Лучший способ защитить ключ API в Vanilla JS и Django - PullRequest
Новая
       163

Лучший способ защитить ключ API в Vanilla JS и Django

0 голосов
/ 05 августа 2020

Я создаю простое веб-приложение на Django, которое использует Google Places API . API вызывается из main. js file , а данные отображаются на странице .

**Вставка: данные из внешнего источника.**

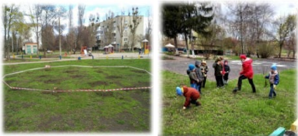
Рис. 1. Заходи з озеленення та благоустрою населених пунктів [6]

Яскравим прикладом розвитку новостворених об'єднаних територіальних громад є процеси та результати вкладання сил та коштів на благоустрій території (рис. 1, 2). Так, за даними звіту Роганського селищного голови [6] можна відмітити значну увагу яка приділяється в громаді питанням благоустрою території, і про це свідчать не лише цифри наведені у звіті (стор.66-69), а й постійні поліпшення, які здійснюються, і завдяки яким громада розвивається та стає потенційно привабливою для інвесторів. За останні декілька років з'явилися зручні тротуари на центральних вулицях громади в кварталах індивідуальної присадибної житлової забудови (рис. 2).
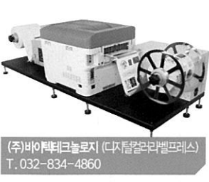
(주)바이텍테크놀로지 (디지털라벨프레스) T. 032-834-4860
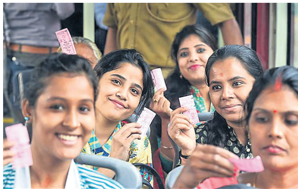
ନୂଆଦିଲ୍ଲୀରେ ତିରିଦି ବସ୍ରେ ମାଗଣାରେ ଯାତ୍ରା କରୁଥିବା ମହିଳାମାନେ ପିଙ୍କ ଟିକେଟ୍ ଦେଖାଉଛନ୍ତି।
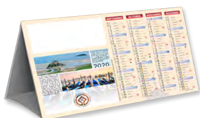
COMPTOIR PATRIMOINE - TARIF T13
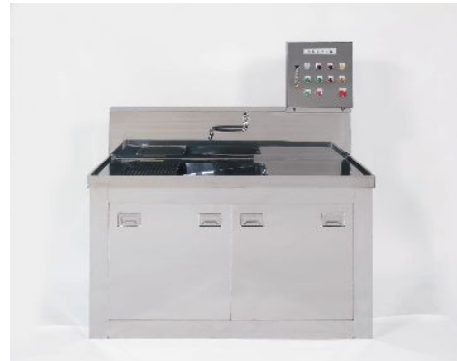
トラフテーブル外観
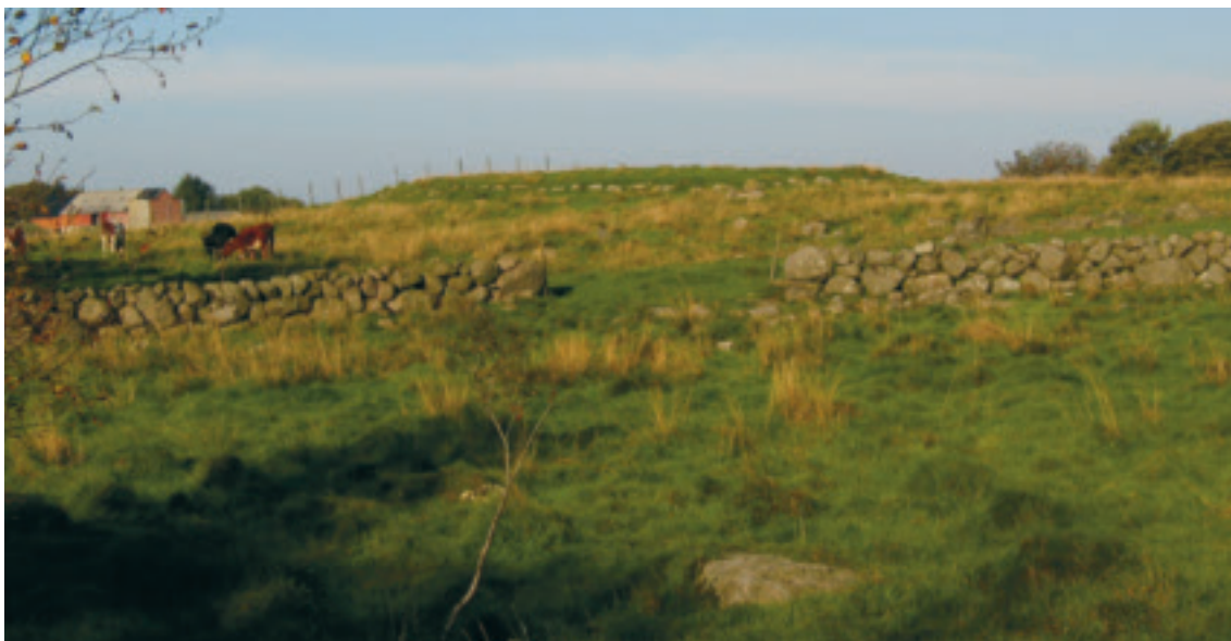
Tingvollen på Vestly
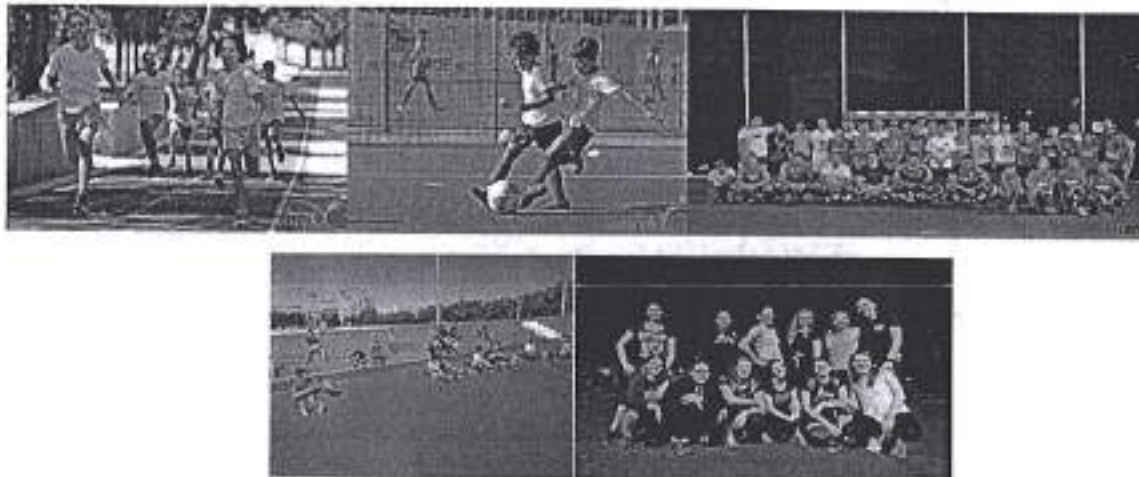
Slike. Obilježavanje Hrvatskog olimpijskog dana u Gradu Zadru.

Sukladno situaciji vezanoj za pandemiju bolesti COVID-19, Financijski plan Športske zajednice Grada Zadra za 2020. godinu se umanjio odlukom Grada Zadra za suspenzijom navedenih sredstva, što je na prijedlog Izvršnog odbora Športske zajednice Grada Zadra također donijela Skupština Športske zajednice Grada Zadra. Planirani iznos se umanjuje za 5.000 kuna, te se nije realizirao u ovoj financijskoj godini, već je proveden u potpunosti „libri“ od strane stručne službe Športske zajednice Grada Zadra.
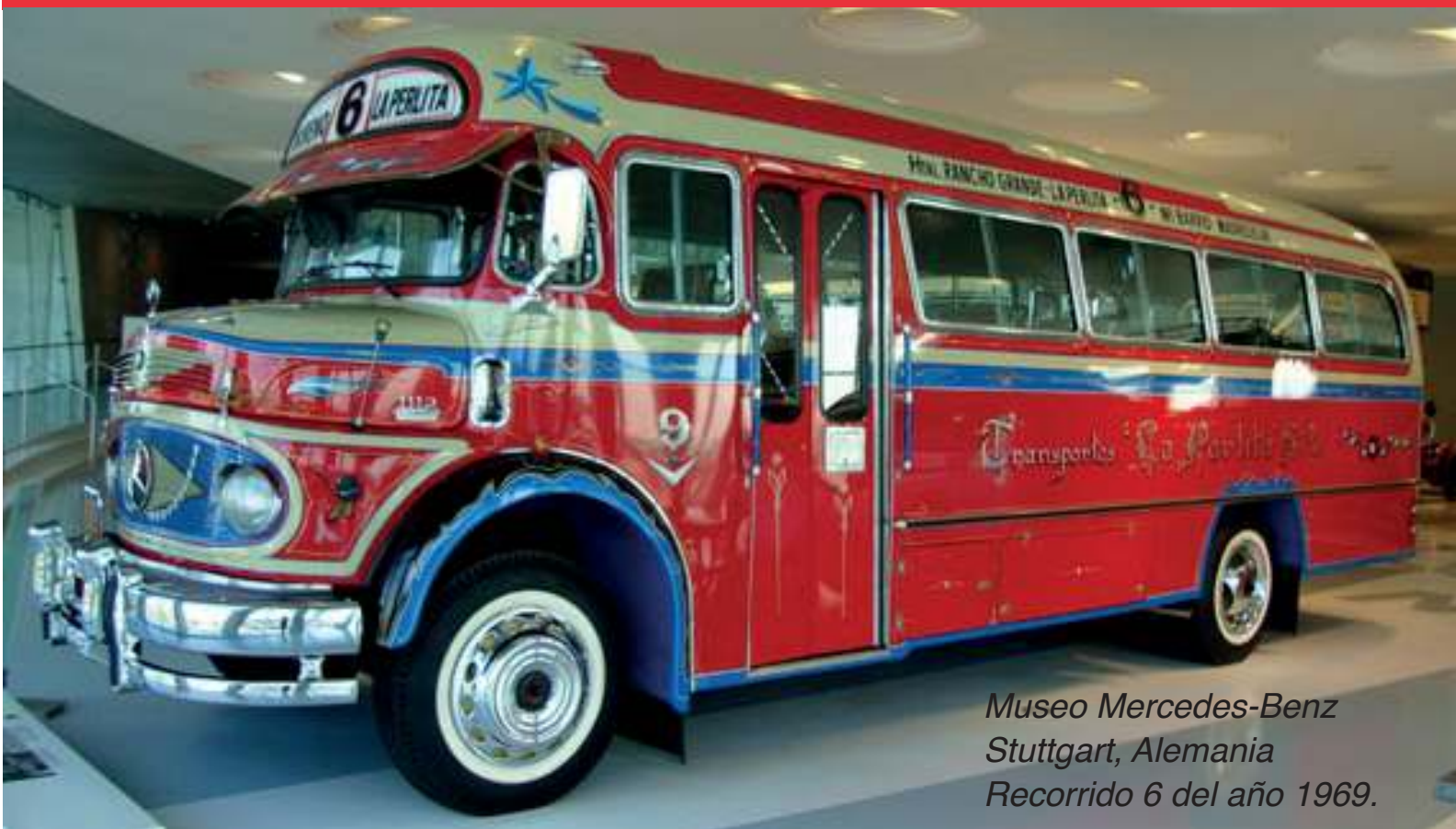
Museo Mercedes-Benz Stuttgart, Alemania Recorrido 6 del año 1969.

El modelo que se encuentra en la fotografía se fabricó en la planta de Mercedes-Benz en Virrey del Pino, utilizando un chasis de camión de origen alemán y una carrocería típica de colectivo argentino.
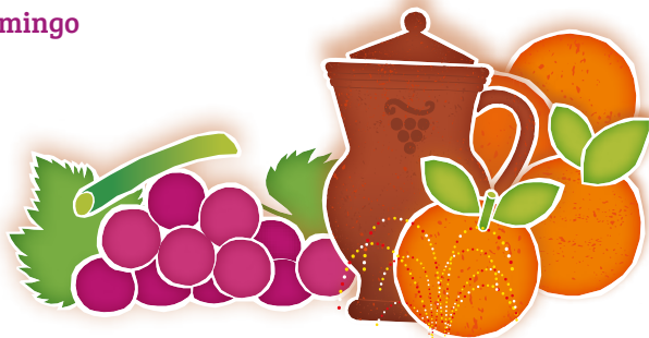
Feira de Sant'Iago 2019 - Programa
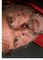
ANDREA NANNINI Fotografo, giornalista, portavoce fotografi Toscana
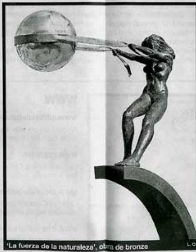
'La fuerza de la naturaleza', obra de bronze

El temps, les emocions, la llibertat o les tensions del dia a dia són altres dels temes que proposa l'autor en la seva obra. I és que, de fet, aquesta creació tindrà aviat una seu pròpia a les comarques de Ponent perquè l'autor, juntament amb Ramiro Rafart, impulsa una galeria per exposar una selecció de la seva obra a Almenar. Lorenzo Quinn vol que la seva creació estigui a l'abast de tots els públics i per això portarà peces de diversos formats, mides i materials en aquesta galeria. Aportar per Almenar, segons diu el mateix autor, és portar la seva obra a un lloc que és porta d'entrada cap a la Val d'Aran, una terra que Quinn coneix bé i en la que ha exposat diverses vegades.
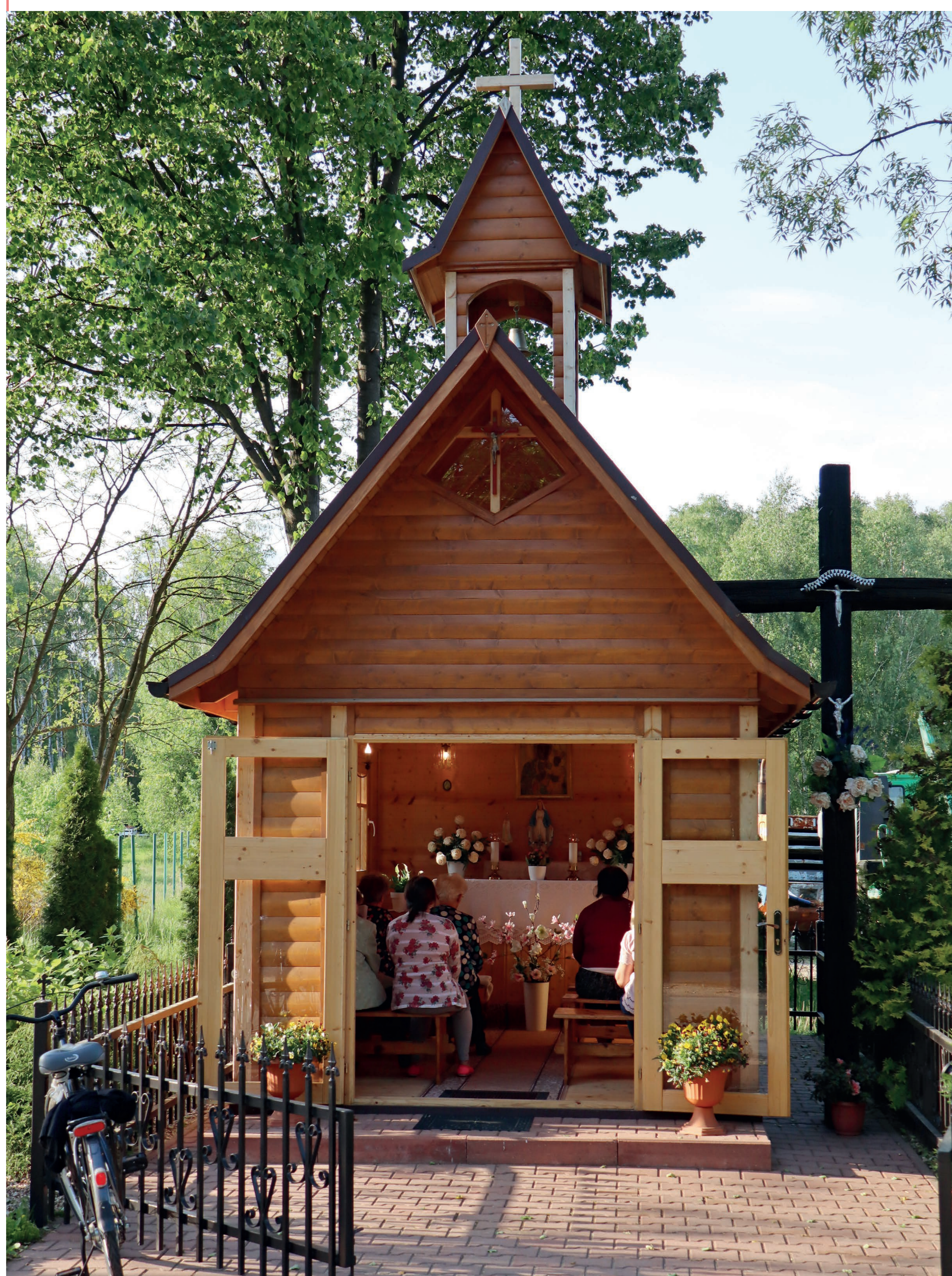
Nabożeństwo majowe. Okraglik. 2023 r.
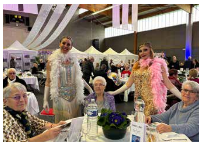
Un moment festif pour tou(te)s (archives 2024).

Pour la nouvelle année 2026, le banquet des aînés aura lieu le mardi 20 janvier.
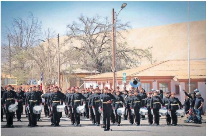
EL TRADICIONAL DESFILE CÍVICO-MILITAR REUNIÓ A CIENTOS DE FAMILIAS CHUQUICAMATINAS.

D urante más de un siglo, miles de historias han nacido en Chuquicamata, una tierra bendecida en medio del desierto y muy generosa. El campamento minero está cumpliendo 110 años y lo está celebrando en grande. “Esperando el 18” puso la fiesta y el desfile cívico-militar, junto a las visitas guiadas, la nostalgia de los chuquicamatinos. 🇨🇱
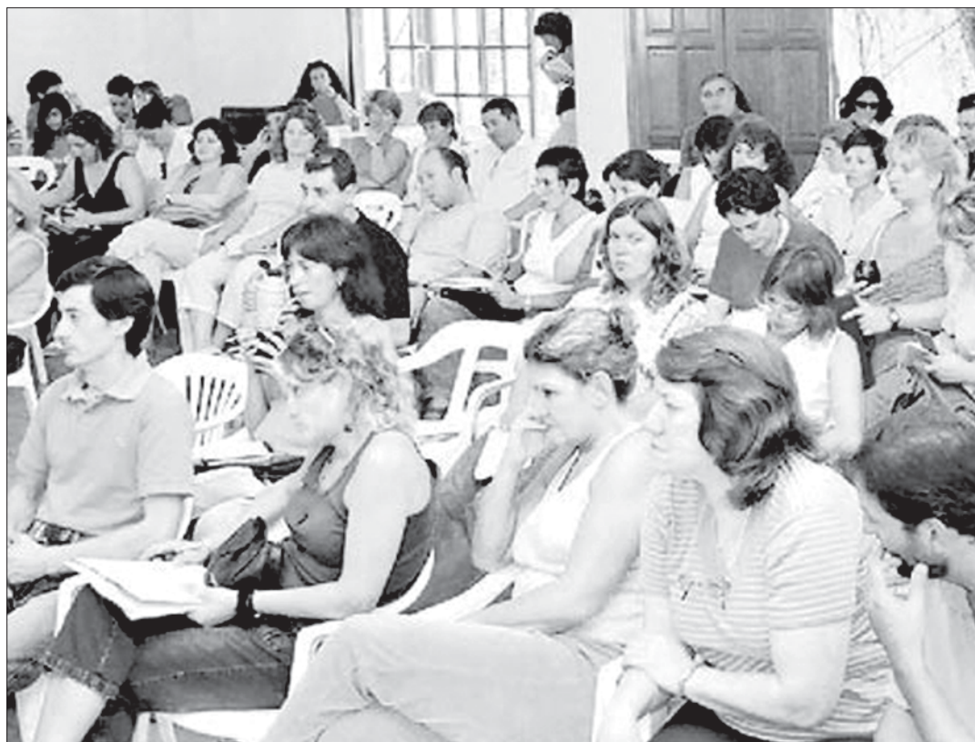
Docentes de Entre Ríos se sumaron a los de Jujuy, Córdoba y Formosa en el reclamo de aumentos salariales.
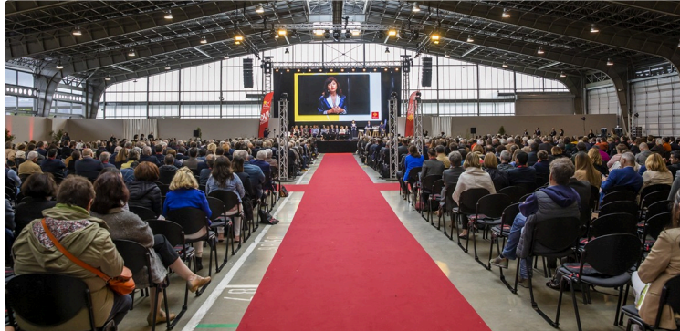
Carole Delga à la rencontre des maires de la Région

Прямо сейчас выглядит файл main. js вот так: 

...
const apikey_gmaps = "AIzaSyDMjUwEt0bumPTVt1GpfQHrxyz";
var lat = position.coords.latitude;
var long = position.coords.longitude;
fetch("https://maps.googleapis.com/maps/api/geocode/json?latlng="+lat+","+long+"&key="+**apikey_gmaps**)
  .then(...
...

Я хочу защитить ключ API, так как не хочу, чтобы все использовали и делились моими учетными данными, и это разрушило мой банк. В последнее время я читал об этом, и я могу использовать файл .env в Django (Python), используя библиотеку Decouple . Я хочу использовать переменные .env в основном файле. js. Единственное решение, которое я смог найти, - использовать dotenv , но для этого требуется NodeJS.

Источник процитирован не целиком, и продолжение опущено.